Debate is a powerful co-curricular activity that affords participants the opportunity to explore questions of identity as students debate propositions related to public policy. As many debate participants know, this opportunity can be challenging for members of traditionally marginalized communities, who struggle not only for recognition and understanding in everyday life, but also during debate rounds, in squad rooms, and in other social spaces. While debate educators have begun working on issues of identity and inclusion relating to race, ethnicity, gender, religion, and sexual orientation, the challenges facing another group, military veterans, have not been addressed. That began to change during the 2013-2014 tournament season, when the Georgia State University team of Luke Floyd and John Finch debated veterans' issues in academy, in broader society, and in debate itself. Their advocacy in the National Debate Tournament/Cross Examination Debate Association (NDT/CEDA) debate circuit paved the way for including veterans' in competitive debate.

In this essay, I discuss some of the practical aspects of making student veterans feel welcomed and included in intercollegiate policy debate. I also highlight some of the ways the GSU team of Floyd and Finch, and I as their coach, worked through some of the issues facing student debaters who have served in the military. My concern is that the debate activity has been--and continues to be--insufficiently reflective about how the issues of war and peace so common in debate affect people who have been deployed or who have relatives who have been deployed to war zones. It has become all too easy in contemporary policy debate to describe hyperbolic scenarios of nuclear war and human extinction without ever thinking about those who actually have been involved in war. Soldiers and veterans are uniquely affected by many of the issues prominent in debate, particularly those resolutions that focus on military interventions, democracy promotion, national security policy, and other war-related issues (Brown 2006; Carlton 2012). In this article, I weave together theory and practice to consider how we might help student veterans participate more fully in the debate activity. Student veterans are marginalized in competitive debate. I contend that we must do more to welcome veterans into the activity. This would benefit veterans by giving them an important outlet for advocacy, and it would improve the quality of policy debates by bringing lived experiences to debates over international relations, military policy, and war. Debate is often heralded as inclusive and welcoming of minority voices. Yet, without including student veterans' voices, the activity cannot live up to those claims.

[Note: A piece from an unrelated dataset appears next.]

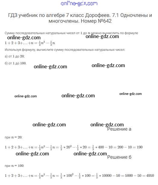 Готовые домашние задания по Алгебре за 7 класс Учебник Дорофеев, Суворова Академический школьный учебник 2020 - Упражнения 642

Marginalization and student debaters

Non-traditional forms of debate, focusing on the lived experiences of those participating in the activity, have become part of a larger movement to make debate more inclusive and welcoming for traditionally marginalized groups. Important efforts by teams too numerous to mention have centered on issues of race in the debate activity, and these efforts have helped create space for students' lived experiences in the debate round. The efforts of these "race teams"--a term sometimes used derisively but at other times with respect--have proven valuable precursors to more recent efforts to bring issues of veteran identity into debate. Debaters who have argued about race in both ontological and epistemological terms have helped expand conversations in the debate community in meaningful ways. They also provide some grounding for addressing the challenge of including more student veterans in debate.

Luke Floyd, then a corporal and now a sergeant in the United States Army, served one tour in Iraq during Operation Iraqi Freedom (OIF) before enrolling at Georgia State University. Before his deployment, he had spent two years at College of Idaho, where he had participated in parliamentary style debate. …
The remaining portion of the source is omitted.